Reichert et al then investigated the case where default treatment with antibiotic A could be altered thanks to the availability of a new antibiotic B. They compared four different strategies: immediate random allocation (A or B), combination therapy (A and B), a gradual switch to random allocation, or a reserve strategy where B was held in reserve and then used in place of A after resistance to A had reached a 5% prevalence threshold. Modelling showed, counter-intuitively, that this latter “reserve” strategy speeded up resistance. The best strategy was to deploy B immediately in combination therapy (Fig 1B). Others have also argued that combination therapy is the best approach to reduce AMR, including an elegant in vitro experimental model using well plates to simulate individuals in a hospital population (Angst et al, 2021). AMR may be driven more by the wide distribution of use than its intensity (Olesen et al, 2018), and some have argued that for Neisseria gonorroeae issuing prescribing guidelines based on local prevalence thresholds could reduce cases and prolong the lifespan of antibiotics (Yaesoubi et al, 2022).

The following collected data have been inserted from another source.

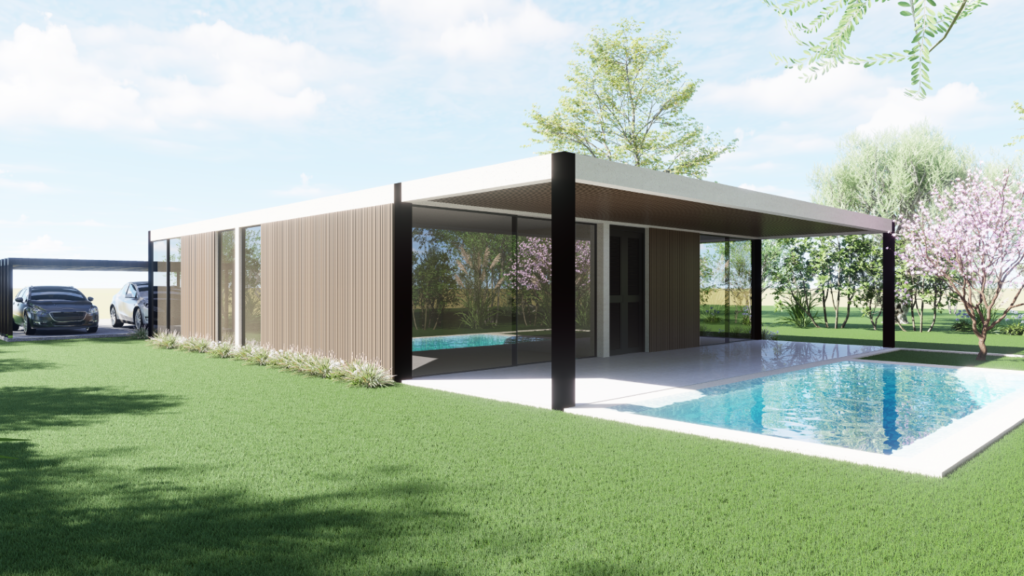 Single-family home fabricated entirely in a workshop, with an A+ energy rating and graywater and rainwater recovery.
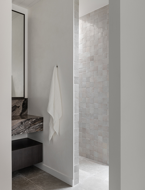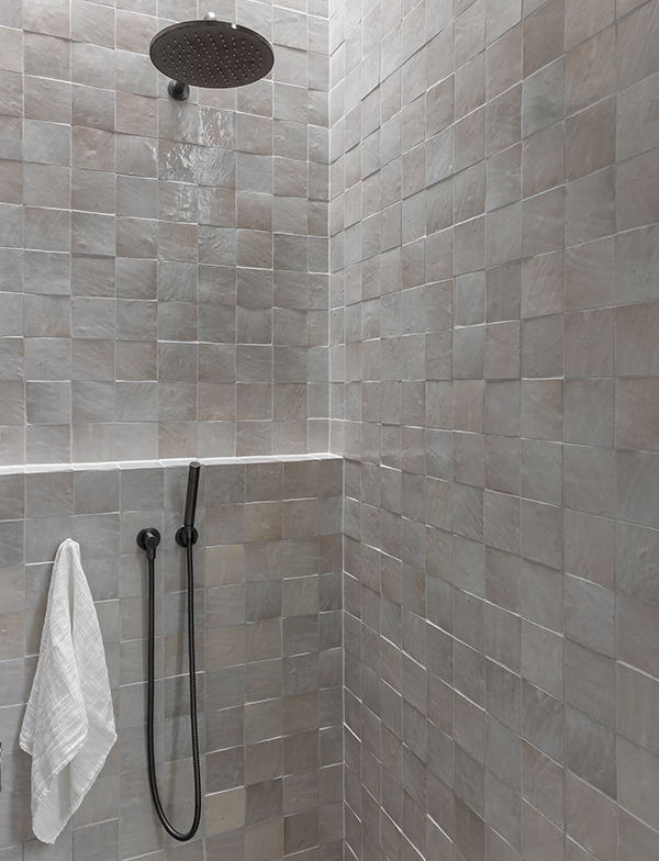 The bathroom features a separate shower room adorned with zellige tiles and fitted with Pegasi shower pieces. The main space includes the same stone and tapware finish as the kitchen, a combination that heroes both designs and materials.
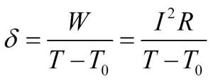 式中,W是热敏电阻消耗的功率(mW);T是热平衡时的温度(℃);T0是周围环境温度(℃);I是在温度为T时通过热敏电阻器的电流(A);R是在温度为T时热敏电阻器的电阻值(Ω)。
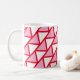 Pink triangles range in diagonal rows, covering entire surface. Centre of triangle is pink, with a red border on a white background.
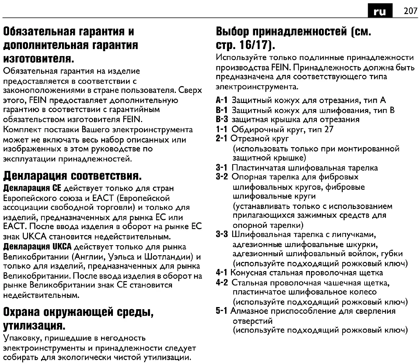 Вибір приладдя (див. стор. 16/17). Використовуйте лише оригінальне приладдя FEIN. Приладдя повинне бути призначене для типу електроінструменту. A-1 Захисний кожух для розрізання, тип A B-1 Захисний кожух для шліфування, тип B B-3 Захисна кришка для відрізання 1-1 Обдирний круг, тип 27 2-1 Відрізний круг (використовуйте лише з монтованою захисною
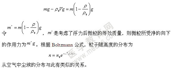 在液體中若有懸浮的微粒存在,則這些粒子受重力的影響也將隨高度不同而不同。設(shè)懸浮的微粒的密度為,質(zhì)量為,液體的,液體的體積為V,微粒周圍液體的密度為,微粒總的受的向下的作用力為
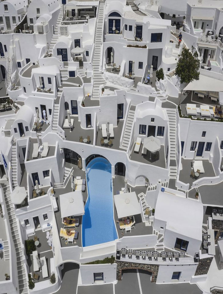 Его «Абстрактная Греция» отображает красоту легендарного греческого острова Санторини, одного из самых популярных туристических направлений в мире. Знаменитая белоснежная архитектура, построенная вдоль пологого побережья острова, образует абстрактный узор сверху, усеянный загорающими туристами.

Other control measures such as vaccination can affect AMR. Modelling of the “bystander effect,” where microbes are exposed to antibiotics despite not being the target organism, suggests that vaccination programmes for S. pneumoniae also result in a similar reduction in total antibiotic exposure for Staphylococcus aureus and E. coli as for S. pneumoniae (Tedijanto et al, 2018). Vaccination can also affect competition between strains in a population. One modelling effort showed that four different models with different assumptions about the mechanisms of AMR evolution explained penicillin resistance in S. pneumoniae across Europe equally well, leaving it unclear whether a hypothetical vaccine program would increase, decrease, or have no effect on AMR levels (Davies et al, 2021).
AMR is conceptually simple. In practice, the examples in this section show that making realistic models takes care. In 2019, one group of scientists wondered “do we know enough?” to effectively use modelling to inform policy—concluding that, for the most part, the answer was no (Knight et al, 2019). One indication of these challenges is that, in contrast to other pathogen threats, there have been barely any attempts at real-time forecasting applied to AMR, that is, where current data are used to project forward, rather than a retrospective analysis (Pei et al, 2023).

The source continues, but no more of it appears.